Tunnel de fluctuation
Détermine, pour les monnaies qui en font partie, les limites à l'intérieur desquelles les taux de change peuvent fluctuer. Les banques centrales doivent acheter une monnaie trop faible ou vendre une monnaie trop forte sur les marchés pour maintenir les taux dans les limites du tunnel.
Unité de compte
Unité de référence dans une transaction entre deux ou plusieurs parties. Elle n'apparaît que dans les comptes, par opposition à la monnaie, moyen de paiement qui circule entre les parties. C'est la valeur "étalon" de la monnaie.
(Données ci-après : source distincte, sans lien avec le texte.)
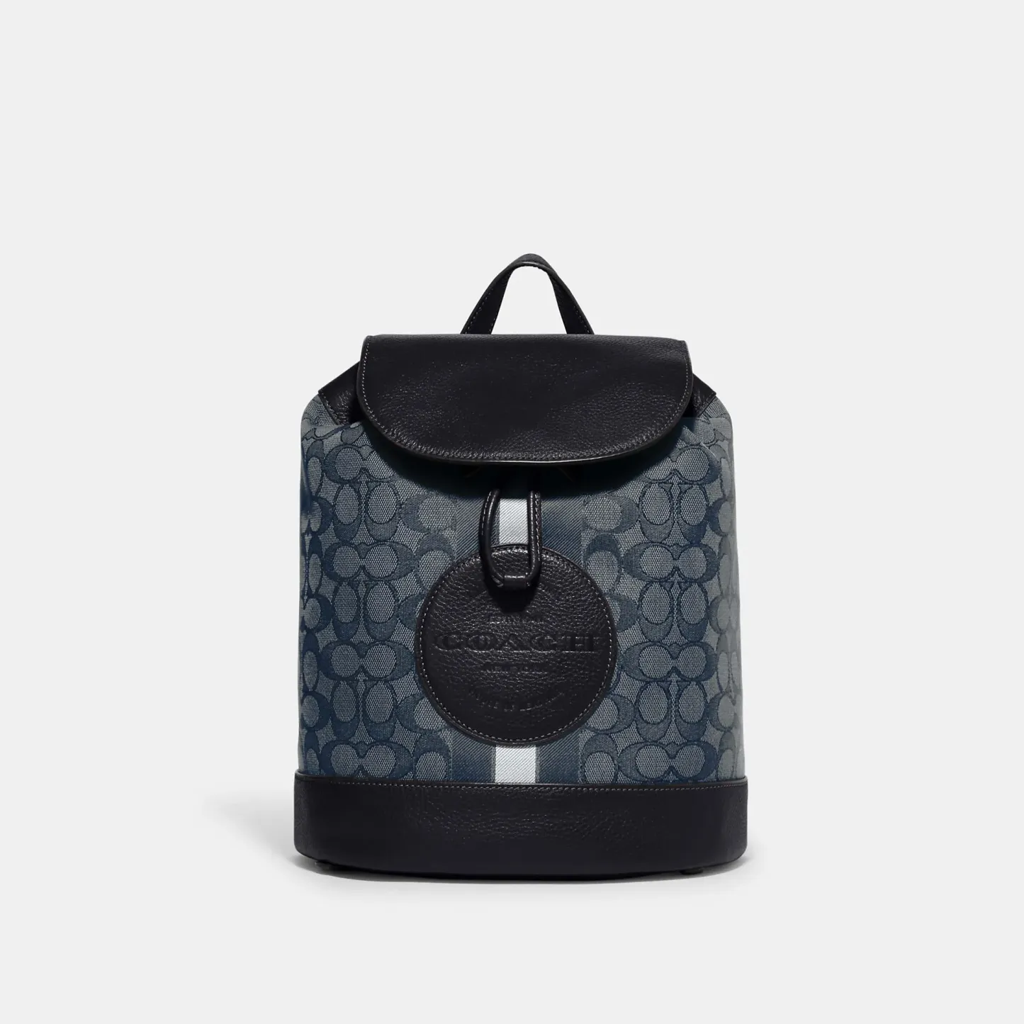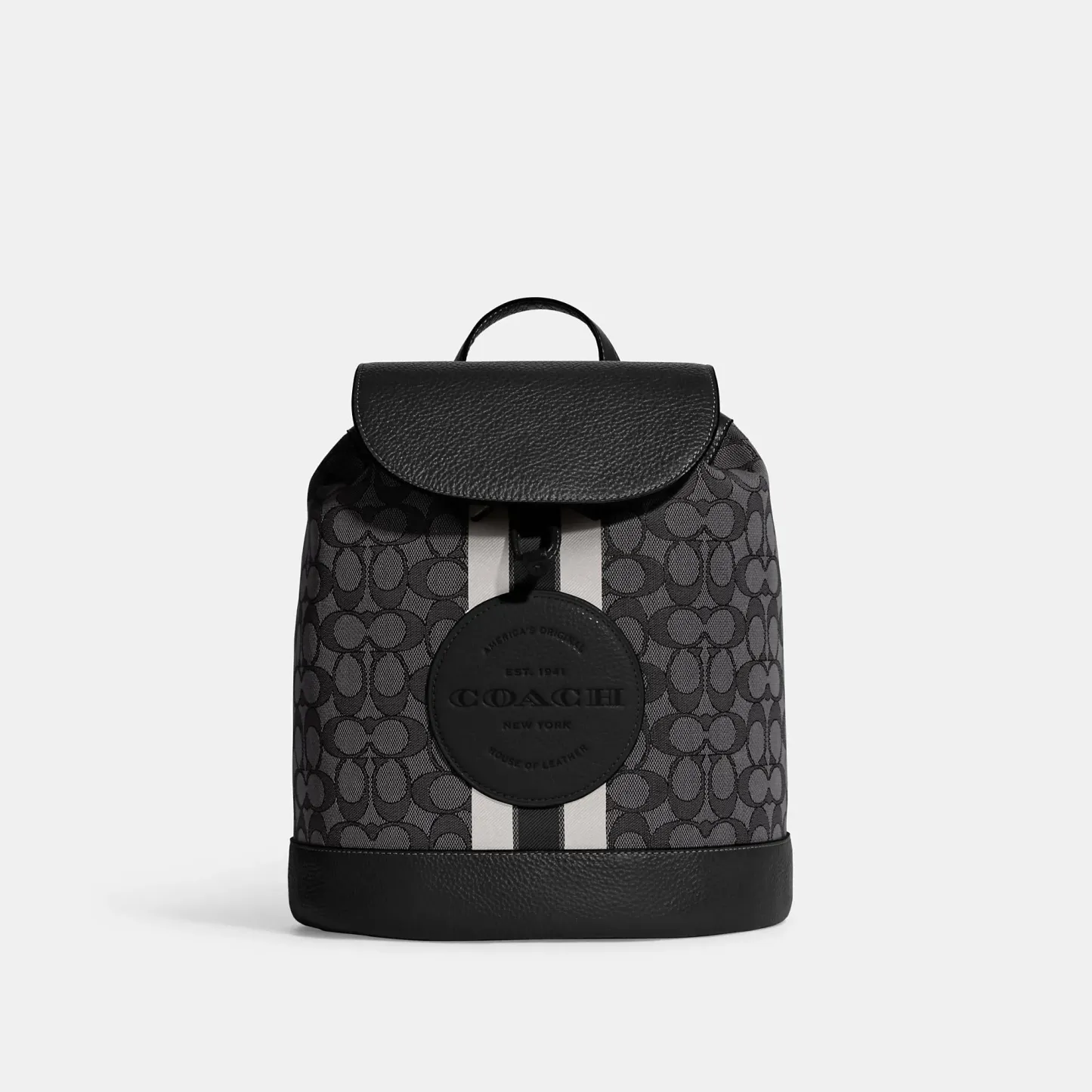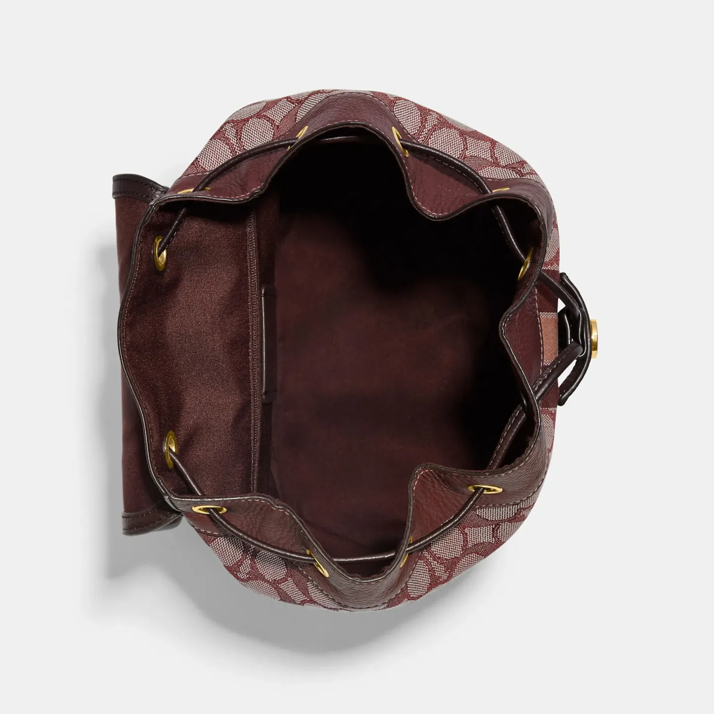 Signature jacquard and refined pebble leather Inside zip and multifunction pockets Drawstring and snap closures fabric lining Top handle with 3 drop Adjustable shoulder straps 10 1/4 (L) x 12 (H) x 6 1/4 (W) This piece is crafted of our Signature jacquard made from a blend of organic cotton and recycled polyester Style No. CE601 | Outlet Dempsey Drawstring Backpack In Signature Jacquard With Stripe And Patch - Red

Valeur (faciale) d'une monnaie
Puisque la monnaie est une forme particulière d'avoir parmi d'autres, elle a une valeur. La valeur d'une monnaie s'établit par comparaison avec celle des autres marchandises: elle est représentée par un certain pouvoir d'achat. Si le prix des marchandises monte, c'est que la valeur monétaire baisse: avec une même unité monétaire, on achète moins. L'évolution de la valeur de l'unité monétaire est représentée par les indices représentant les mouvements des prix, l'inflation. La stabilité d'une monnaie détermine sa capacité de maintenir sa valeur par rapport aux prix des marchandises mais aussi par rapport aux autres monnaies.
La valeur faciale est celle indiquée sur les billets ou pièces.
Valeur libératoire
Se dit d'un moyen de paiement que l'on est obligé d'accepter à sa valeur faciale (celle inscrite sur le billet ou la pièce) pour éteindre une dette. Les billets et pièces de monnaie d'un pays ont valeur libératoire dans ce même pays car toutes les parties sont obligées de les accepter. Cela n'est pas le cas des monnaies étrangères.